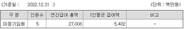 미등기임원의 평균연봉은 54억 200만원이고 직원수는 5명입니다.
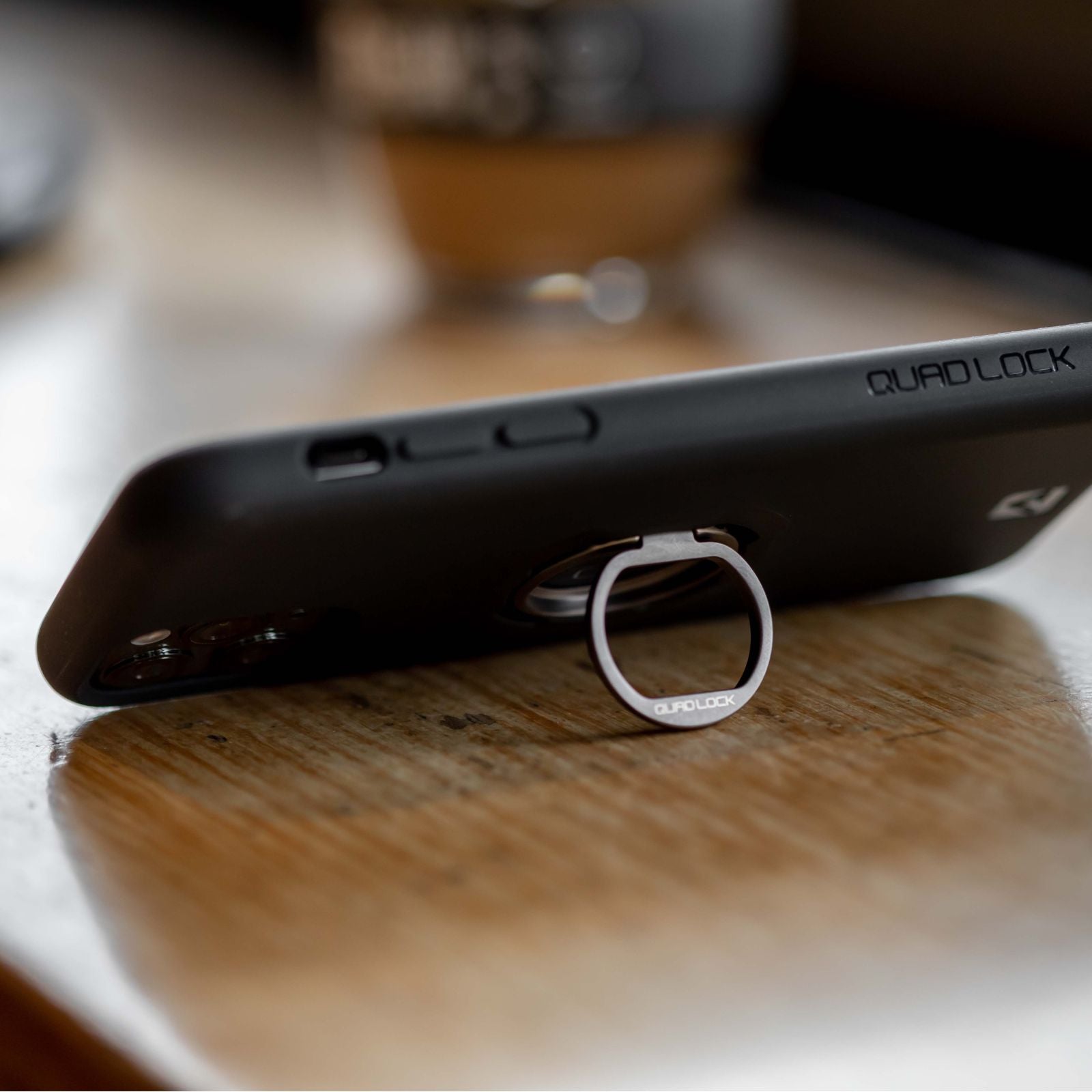 The Quad Lock® Phone Ring/Stand is compatible with all Quad Lock® Cases and Universal Adaptors, offering a secure grip and a kickstand for hands-free viewing. Easily attach or detach it, and keep it handy with the included carabiner.
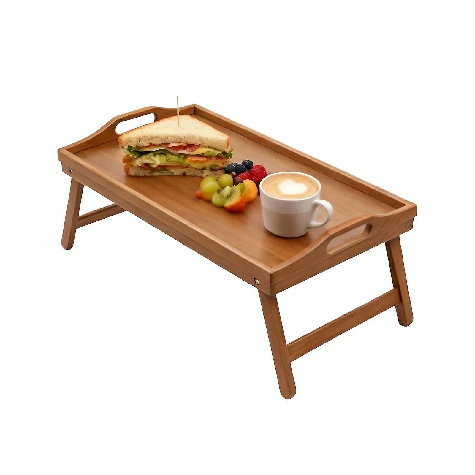 Bamboo Breakfast Tray with Folding Legs, Acacia Finish Bed and Lap Desk with Handles, Dark Brown
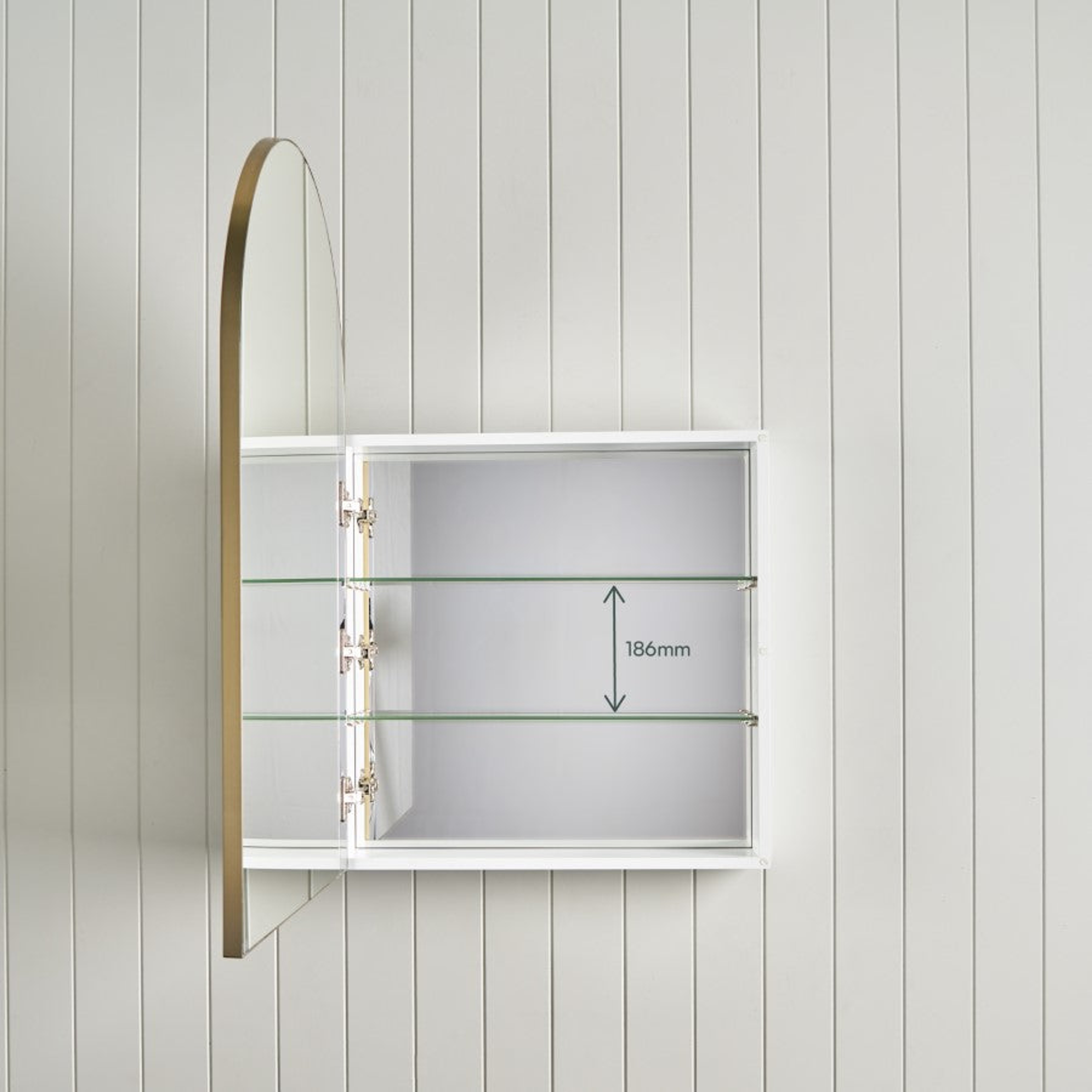 The Arch Mirror Cabinet in Brushed Brass is a practical addition to any bathroom, offering reliable storage with a sleek mirrored finish. Its simple design ensures easy installation and long-term durability, making it a dependable choice for everyday use. Trust in its quality build to enhance your bathroom's functionality.
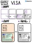 №23 Виза — это такая хитрая штука, без которой некоторые человекоподобные обезьяны не могут посещать некоторые места. У меня вот один раз был случай, когда я собирался на конференцию в Европу, и у меня всё было готово, кроме визы. А визу мне дали за день до конференции. Это было довольно нервно. Виза представляет собой наклеечку на странице паспорта, поэтому для того, чтобы её нарисовать, сперва нарисуем паспорт. Потом нарисуем саму наклеечку, добавим на неё фотографию, описание, коды и печать. А чтобы вторая страница паспорта не была пустой, добавим на неё печати о въезде и выезде из страны. -
* * * * * * * * *
*WHAT THE TASK ASKS*: Please set down only the lines from the first line of the records above through the line that has "The Arch Mirror", exactly, and not the pictures.

*ANSWER FOR THIS EXERCISE*:
 미등기임원의 평균연봉은 54억 200만원이고 직원수는 5명입니다.
 The Quad Lock® Phone Ring/Stand is compatible with all Quad Lock® Cases and Universal Adaptors, offering a secure grip and a kickstand for hands-free viewing. Easily attach or detach it, and keep it handy with the included carabiner.
 Bamboo Breakfast Tray with Folding Legs, Acacia Finish Bed and Lap Desk with Handles, Dark Brown
 The Arch Mirror Cabinet in Brushed Brass is a practical addition to any bathroom, offering reliable storage with a sleek mirrored finish. Its simple design ensures easy installation and long-term durability, making it a dependable choice for everyday use. Trust in its quality build to enhance your bathroom's functionality.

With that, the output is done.